Exercise goal:
Print the listing from its top line through the line containing "Da die Kirschblüte", nothing more, and leave out the pictures.

Source data:
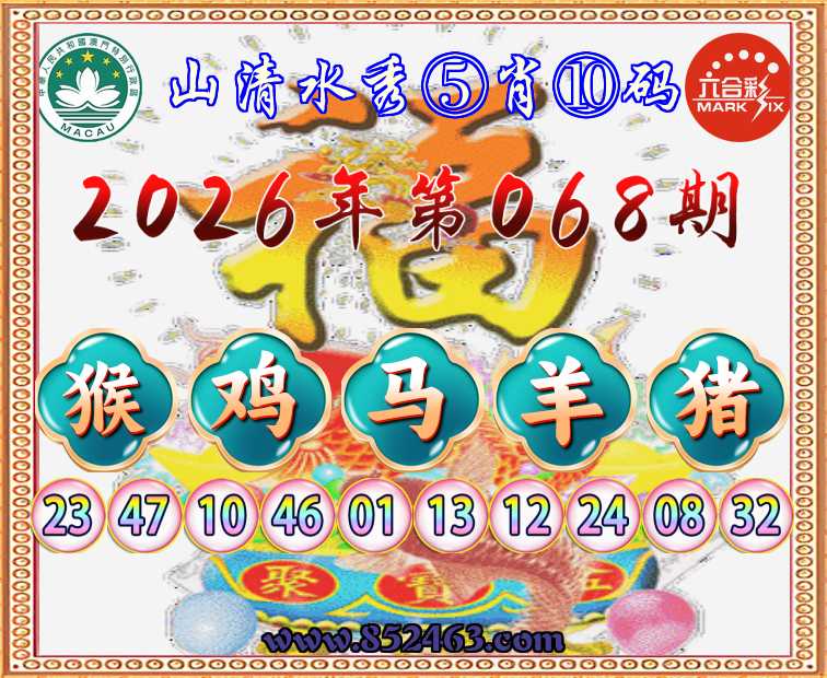 068期:  ♣️『山清水秀』  ♣️⑤肖⑩码 ♣️【鸡马羊猪】开:猴23
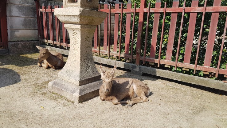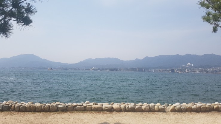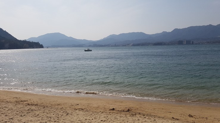 Da die Kirschblüte in Region um Osaka immer noch warten auf sich lässt, dachten wir, dann fahren wir ihr halt entgegen. Und zwar ins 350km entfernte Miyajimaguchi. In 90 Minuten mit dem Sakura-Shinkansen. Von dort geht es mit der Fähre zur Insel Miyajima.
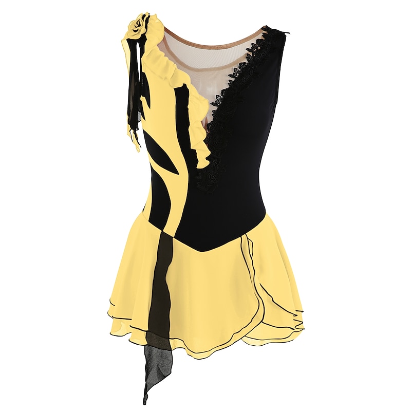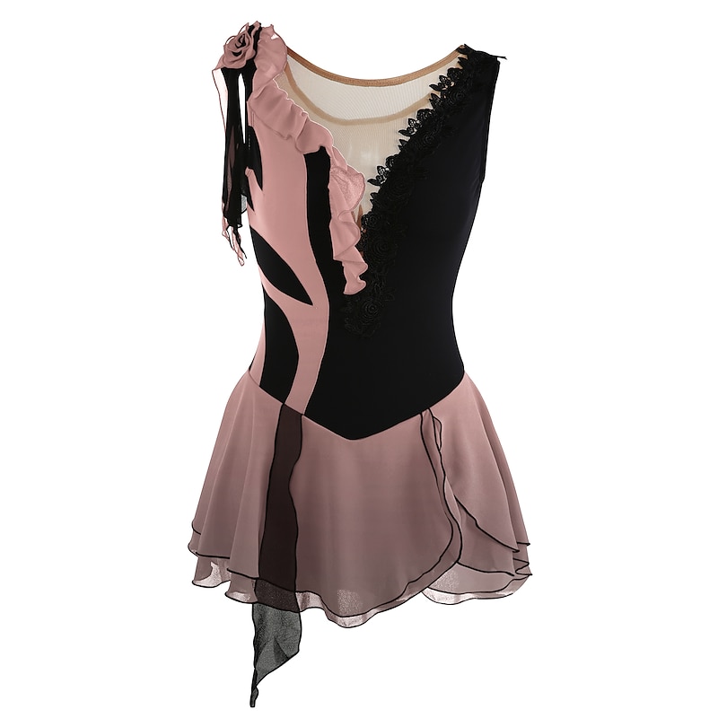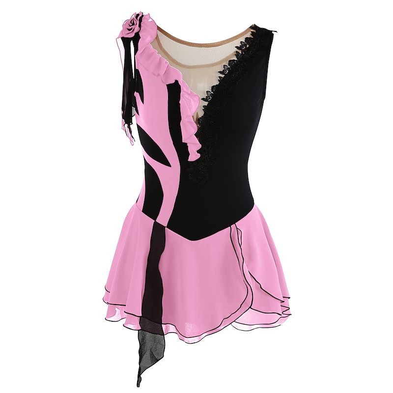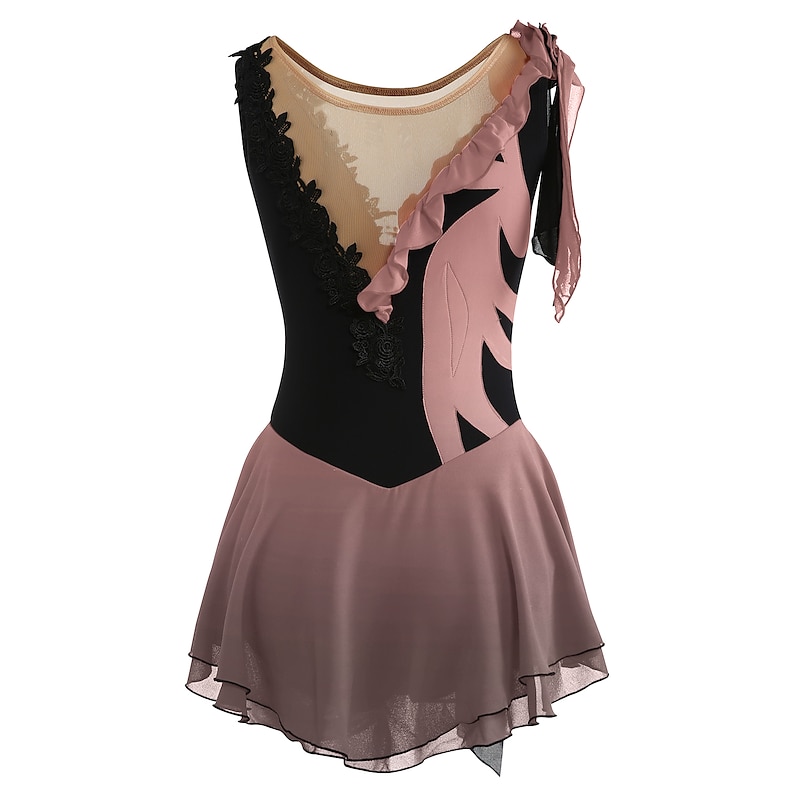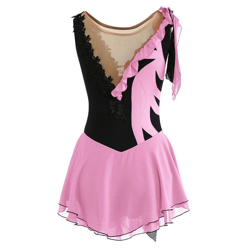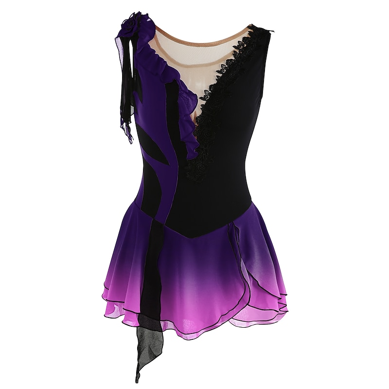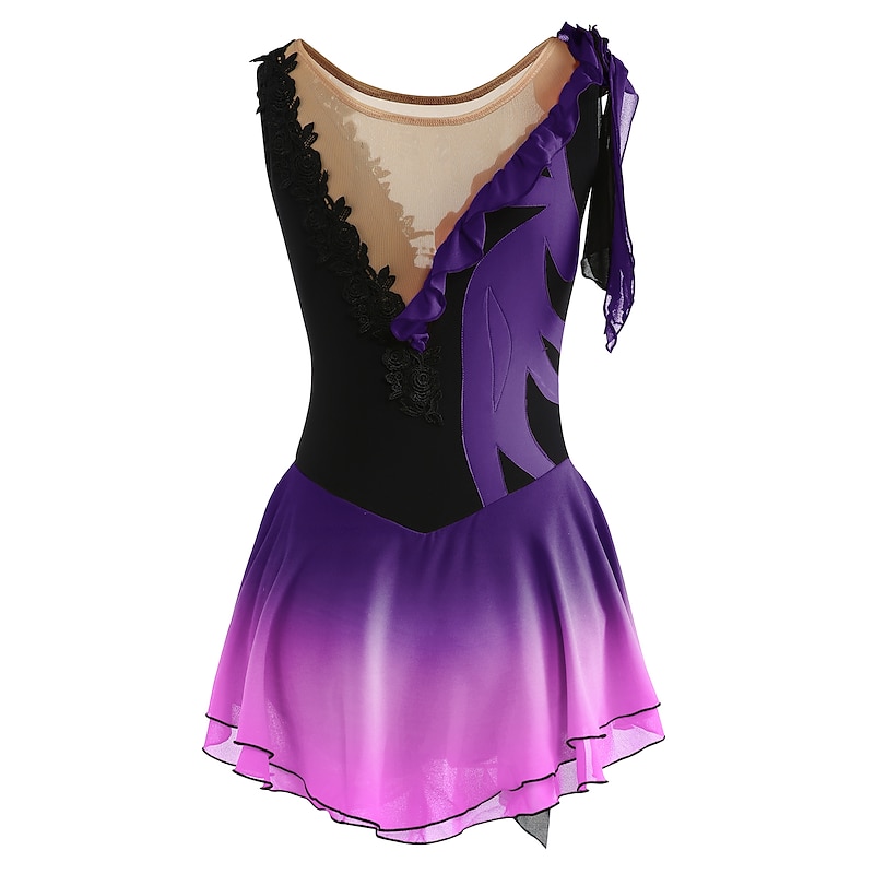 More information about Figure Skating Dress Women's Girls' Ice Skating Dress Outfits Yan pink Violet As Picture Patchwork Asymmetric Hem Mesh Spandex High Elasticity Practice Professional Competition Skating Wear Fashion
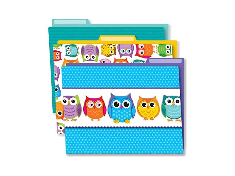 - (1) Carson Dellosa Owl Decorative File Folder Set—11.75" x 9.5" Colored File Folders for Filing Cabinet, for Office or Classroom File Organization (6-Pack)

Result of this task:
 068期:  ♣️『山清水秀』  ♣️⑤肖⑩码 ♣️【鸡马羊猪】开:猴23
 Da die Kirschblüte in Region um Osaka immer noch warten auf sich lässt, dachten wir, dann fahren wir ihr halt entgegen. Und zwar ins 350km entfernte Miyajimaguchi. In 90 Minuten mit dem Sakura-Shinkansen. Von dort geht es mit der Fähre zur Insel Miyajima.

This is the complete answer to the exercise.